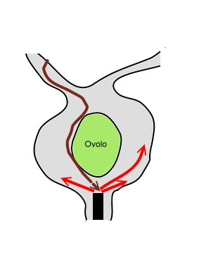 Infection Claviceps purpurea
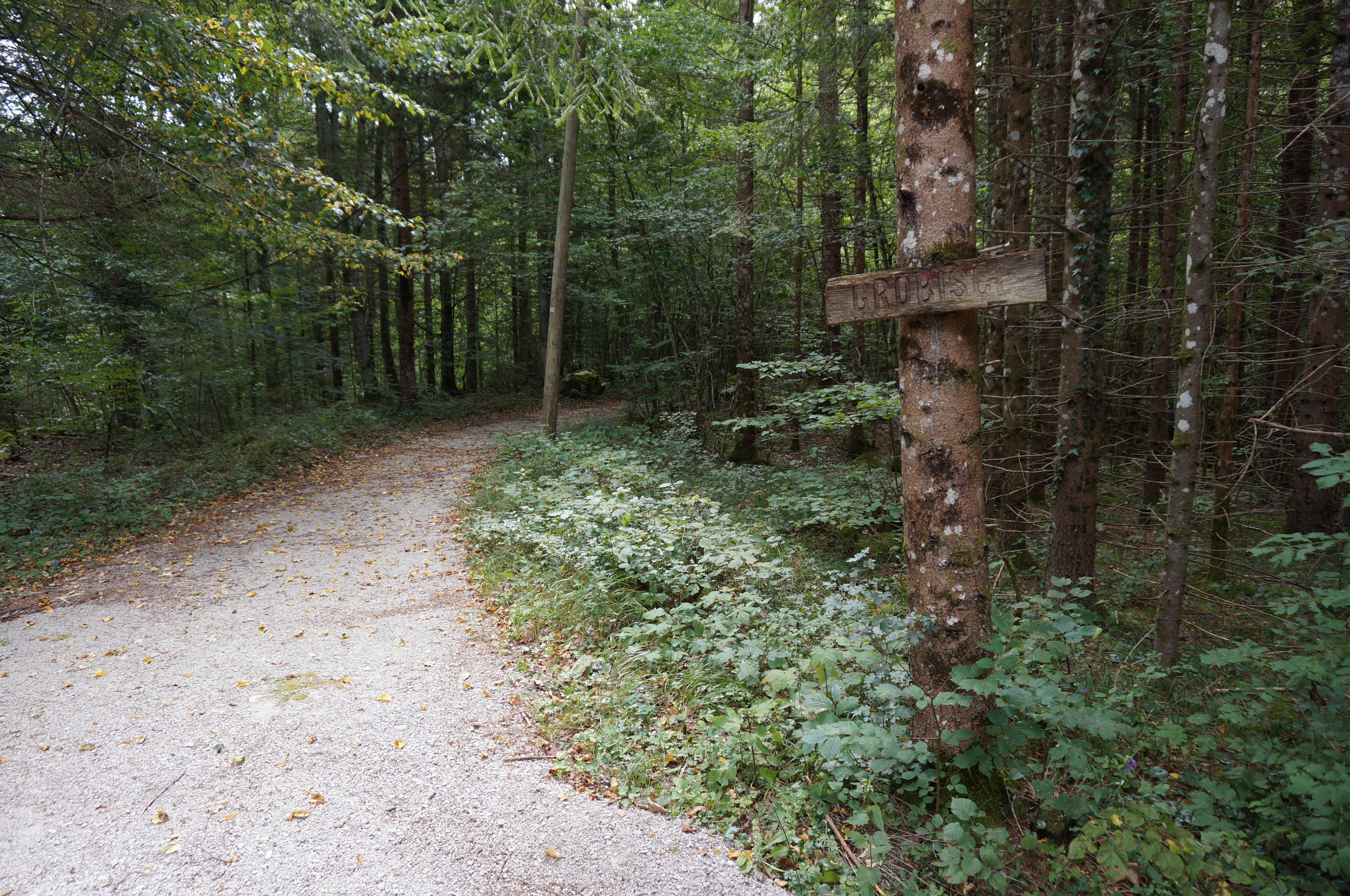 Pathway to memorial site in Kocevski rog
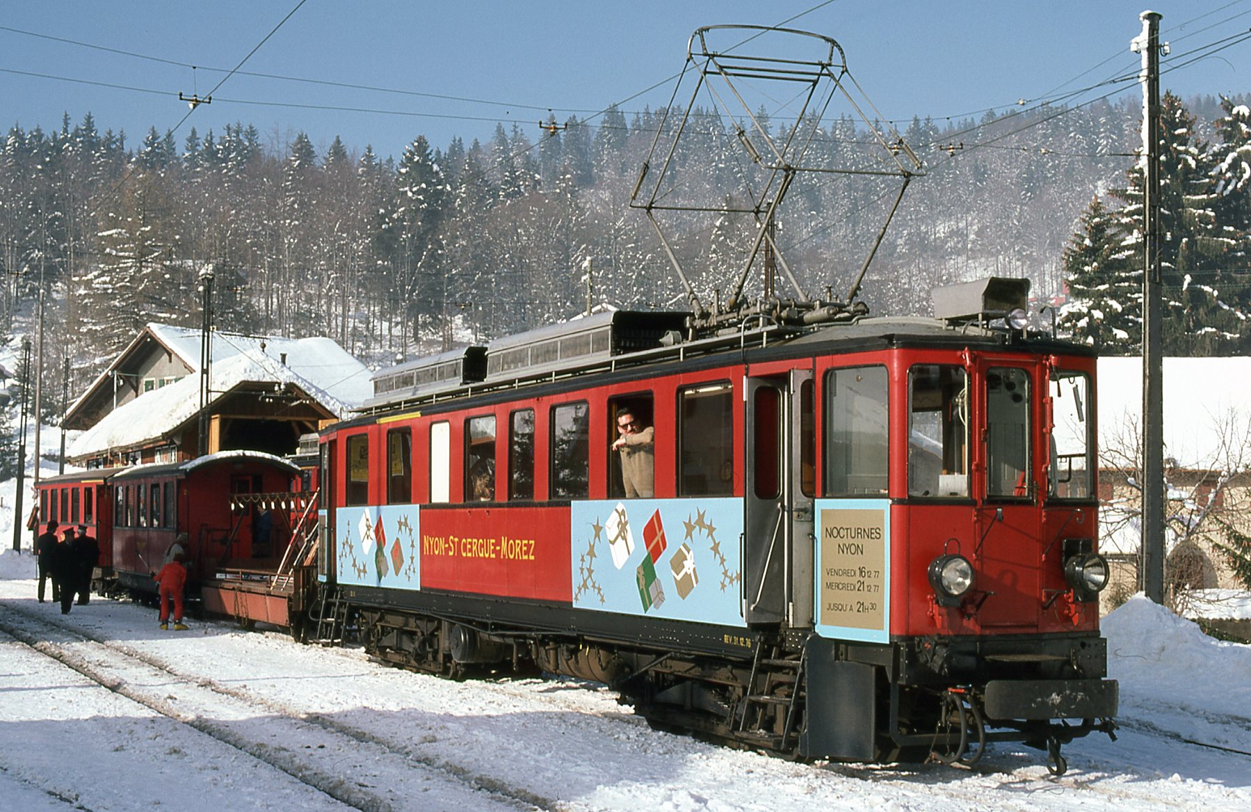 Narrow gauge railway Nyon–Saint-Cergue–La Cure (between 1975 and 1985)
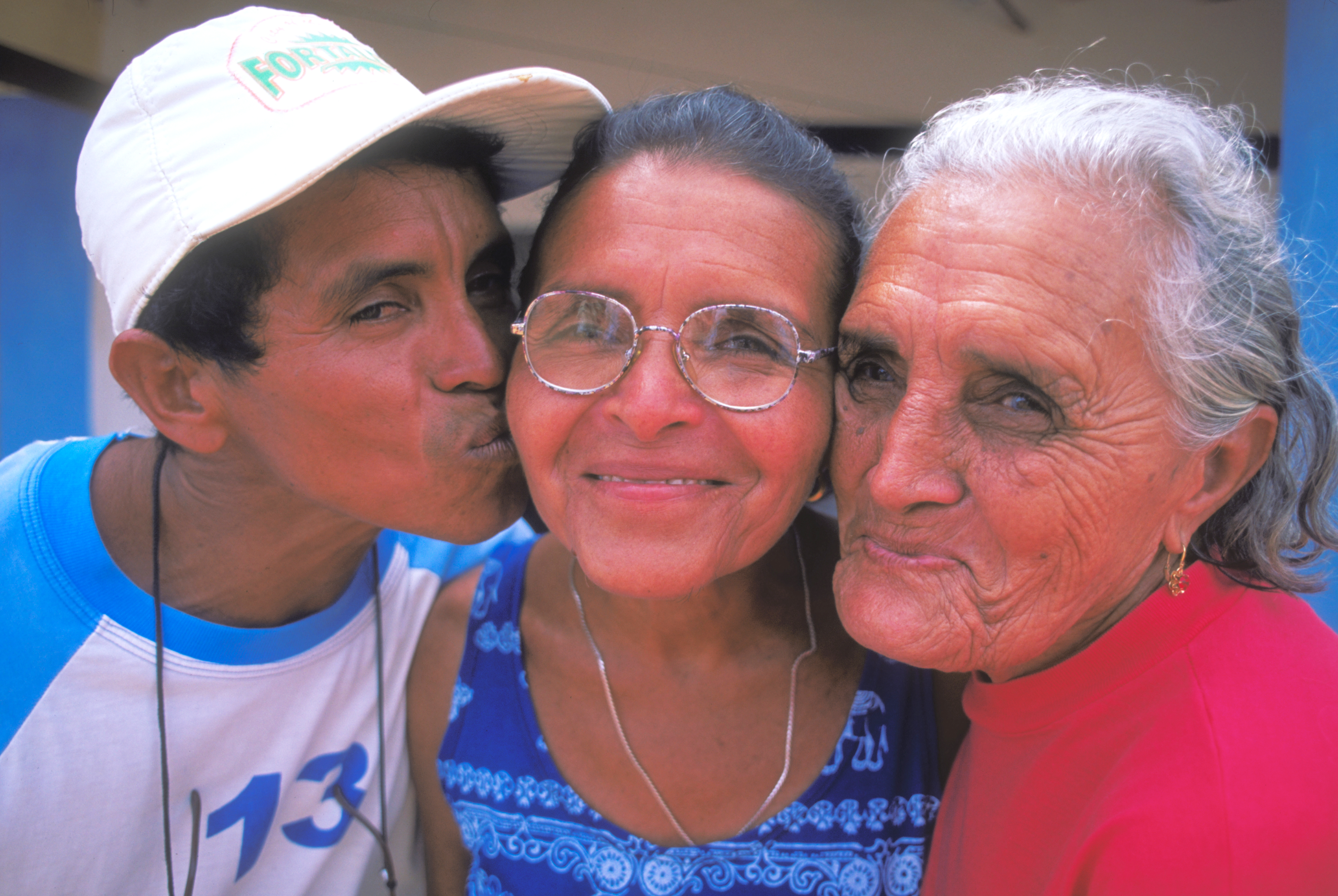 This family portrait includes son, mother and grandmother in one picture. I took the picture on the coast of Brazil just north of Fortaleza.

::::::::::

EXERCISE REQUIREMENTS:
Reproduce the data above verbatim, minus any images.

YOUR RESPONSE:
 Infection Claviceps purpurea
 Pathway to memorial site in Kocevski rog
 Narrow gauge railway Nyon–Saint-Cergue–La Cure (between 1975 and 1985)
 This family portrait includes son, mother and grandmother in one picture. I took the picture on the coast of Brazil just north of Fortaleza.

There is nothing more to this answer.